§ Brief
Under this line are records; the part from the line containing "Dernière: 18 November" through the line containing "Le président de" should be repeated exactly. Please exclude pictures.

§ Material for this exercise
^^^^^^^^^^^^^^^^

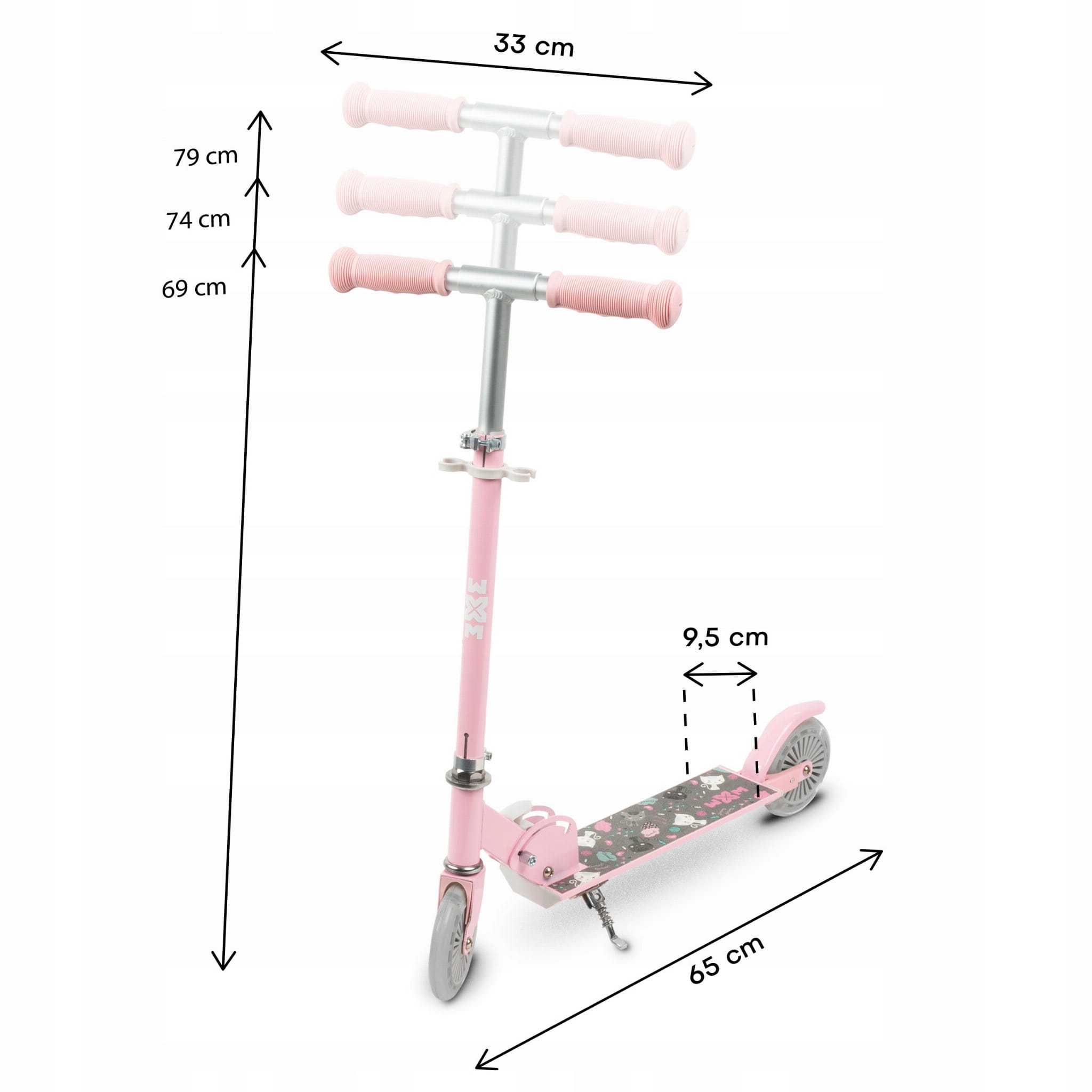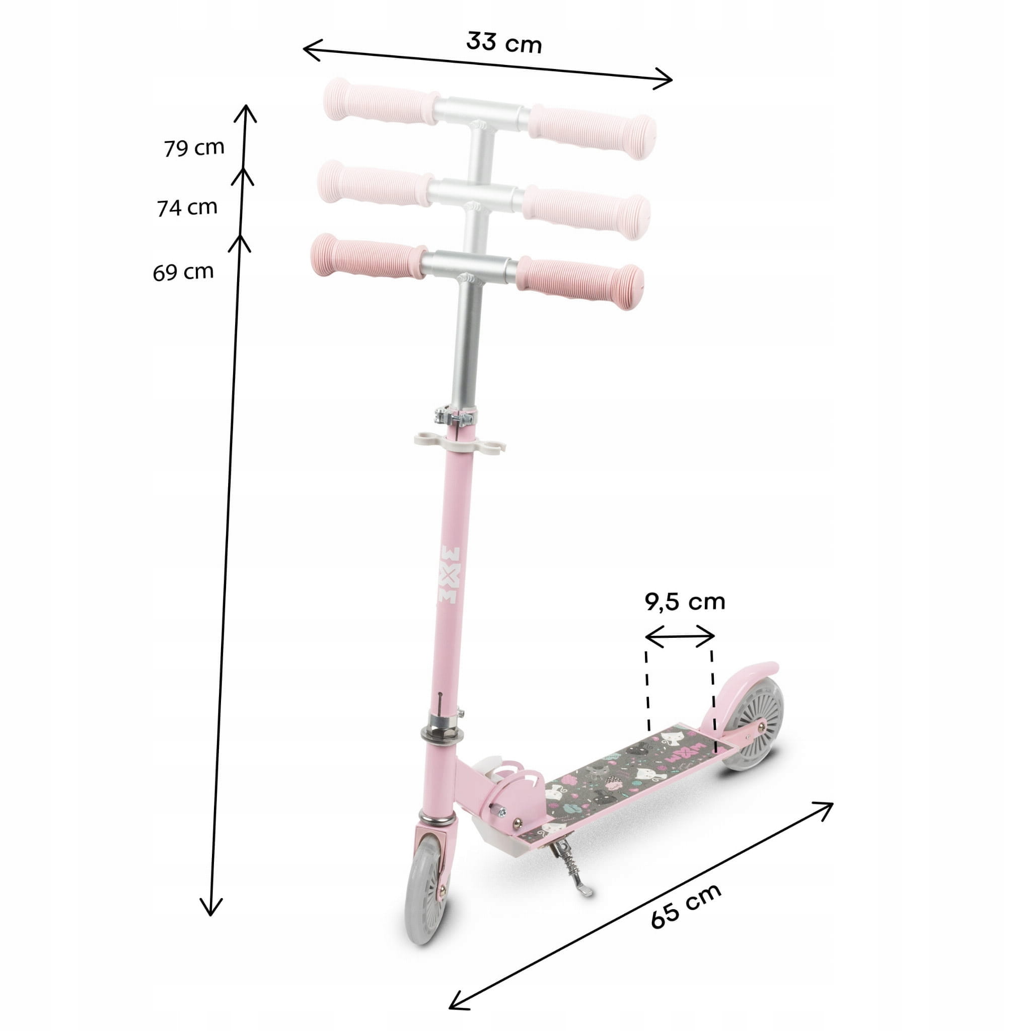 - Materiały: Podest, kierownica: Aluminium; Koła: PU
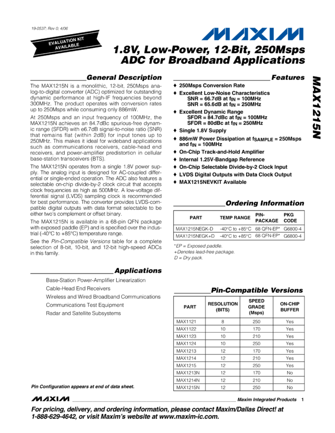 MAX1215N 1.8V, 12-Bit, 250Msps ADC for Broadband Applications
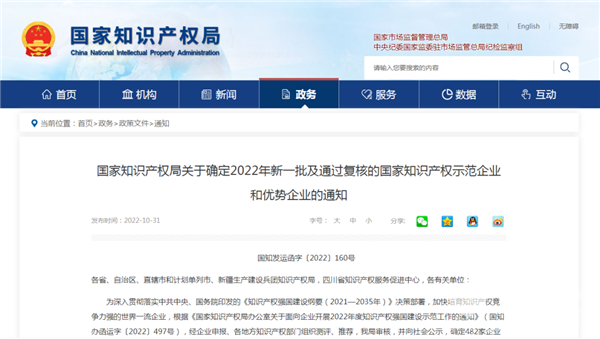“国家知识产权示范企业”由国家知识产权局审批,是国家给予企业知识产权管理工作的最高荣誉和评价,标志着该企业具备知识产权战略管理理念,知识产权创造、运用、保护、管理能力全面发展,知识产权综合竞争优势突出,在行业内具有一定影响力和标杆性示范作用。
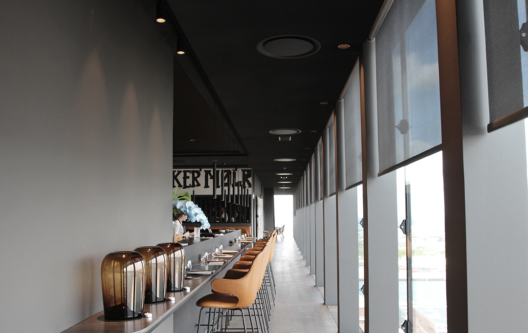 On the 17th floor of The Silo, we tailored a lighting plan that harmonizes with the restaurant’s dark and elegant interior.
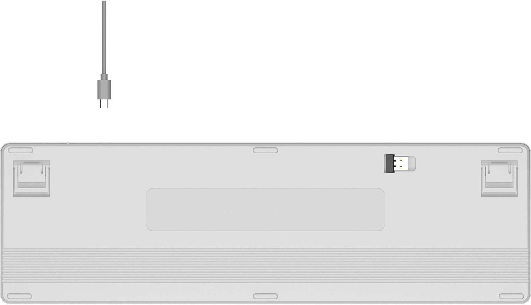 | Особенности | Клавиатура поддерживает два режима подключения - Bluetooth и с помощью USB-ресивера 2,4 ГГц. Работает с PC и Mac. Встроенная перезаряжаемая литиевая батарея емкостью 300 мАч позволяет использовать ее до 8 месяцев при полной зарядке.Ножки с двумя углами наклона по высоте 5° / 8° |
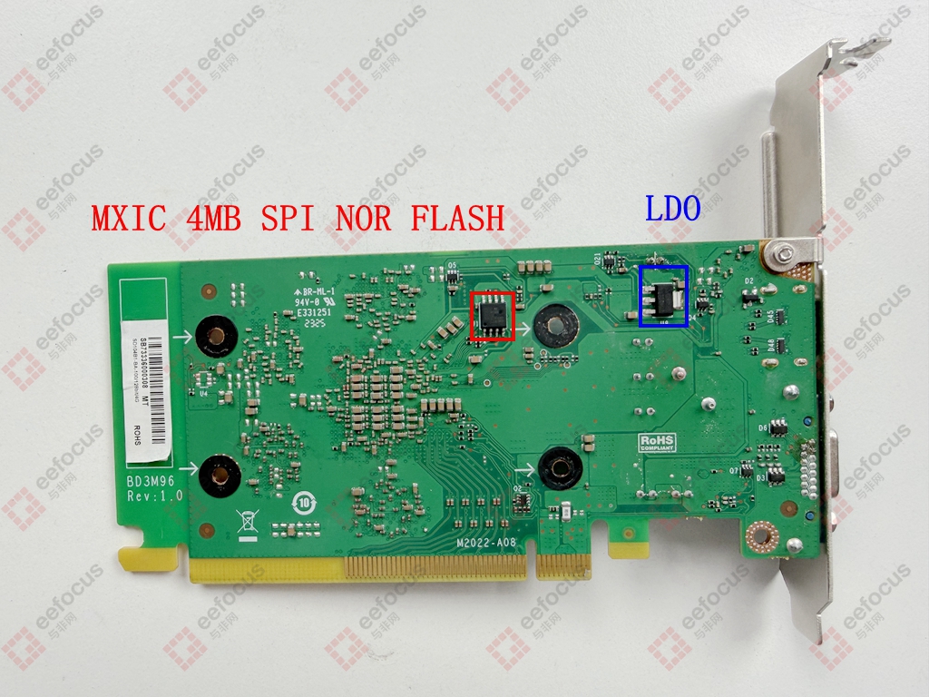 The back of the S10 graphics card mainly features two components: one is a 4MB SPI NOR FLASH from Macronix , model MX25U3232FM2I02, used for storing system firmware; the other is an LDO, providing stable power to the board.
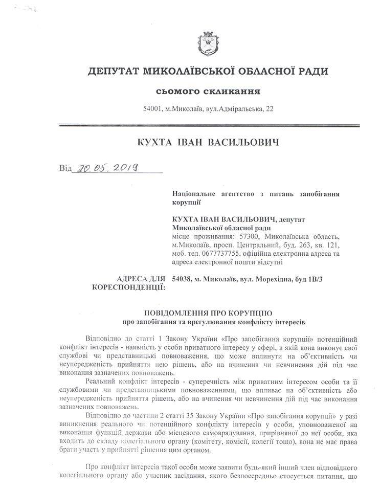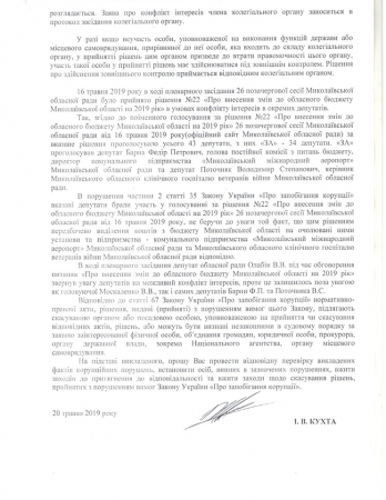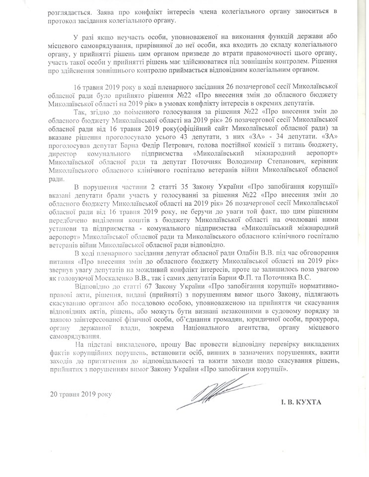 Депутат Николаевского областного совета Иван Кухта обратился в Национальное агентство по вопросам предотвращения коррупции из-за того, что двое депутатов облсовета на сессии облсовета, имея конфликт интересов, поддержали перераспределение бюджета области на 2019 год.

^^^^^^^^^^^^^^^^

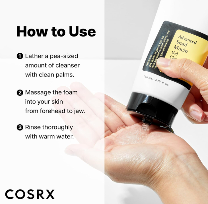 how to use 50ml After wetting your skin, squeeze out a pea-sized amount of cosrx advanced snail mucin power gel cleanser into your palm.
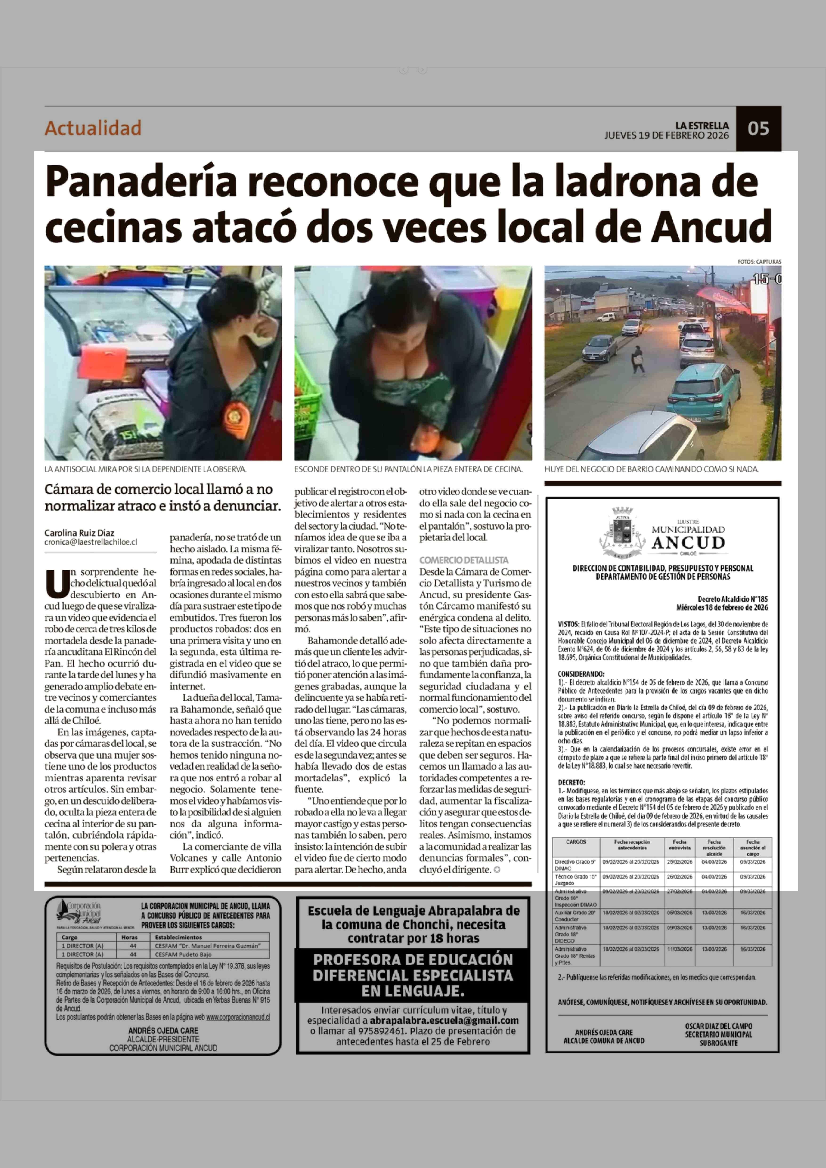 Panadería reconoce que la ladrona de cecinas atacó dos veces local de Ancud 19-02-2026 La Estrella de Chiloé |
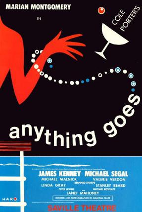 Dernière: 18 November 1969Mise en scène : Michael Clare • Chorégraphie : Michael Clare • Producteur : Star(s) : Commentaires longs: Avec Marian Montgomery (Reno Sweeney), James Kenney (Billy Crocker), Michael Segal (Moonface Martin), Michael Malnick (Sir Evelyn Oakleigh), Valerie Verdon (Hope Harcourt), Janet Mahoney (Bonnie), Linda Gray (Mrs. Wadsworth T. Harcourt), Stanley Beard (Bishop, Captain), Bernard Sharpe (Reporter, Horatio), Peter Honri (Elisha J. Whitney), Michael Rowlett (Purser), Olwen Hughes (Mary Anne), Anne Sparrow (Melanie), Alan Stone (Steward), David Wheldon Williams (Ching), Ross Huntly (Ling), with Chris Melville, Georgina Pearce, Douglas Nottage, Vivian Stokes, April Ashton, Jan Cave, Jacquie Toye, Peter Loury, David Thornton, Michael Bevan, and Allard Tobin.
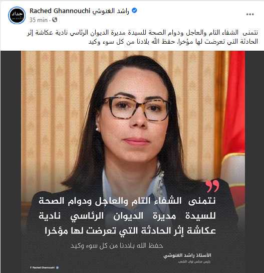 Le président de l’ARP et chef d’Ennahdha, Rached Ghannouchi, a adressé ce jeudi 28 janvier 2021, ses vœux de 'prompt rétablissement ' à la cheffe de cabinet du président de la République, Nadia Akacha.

^^^^^^^^^^^^^^^^

§ Answer to this exercise
 Dernière: 18 November 1969Mise en scène : Michael Clare • Chorégraphie : Michael Clare • Producteur : Star(s) : Commentaires longs: Avec Marian Montgomery (Reno Sweeney), James Kenney (Billy Crocker), Michael Segal (Moonface Martin), Michael Malnick (Sir Evelyn Oakleigh), Valerie Verdon (Hope Harcourt), Janet Mahoney (Bonnie), Linda Gray (Mrs. Wadsworth T. Harcourt), Stanley Beard (Bishop, Captain), Bernard Sharpe (Reporter, Horatio), Peter Honri (Elisha J. Whitney), Michael Rowlett (Purser), Olwen Hughes (Mary Anne), Anne Sparrow (Melanie), Alan Stone (Steward), David Wheldon Williams (Ching), Ross Huntly (Ling), with Chris Melville, Georgina Pearce, Douglas Nottage, Vivian Stokes, April Ashton, Jan Cave, Jacquie Toye, Peter Loury, David Thornton, Michael Bevan, and Allard Tobin.
 Le président de l’ARP et chef d’Ennahdha, Rached Ghannouchi, a adressé ce jeudi 28 janvier 2021, ses vœux de 'prompt rétablissement ' à la cheffe de cabinet du président de la République, Nadia Akacha.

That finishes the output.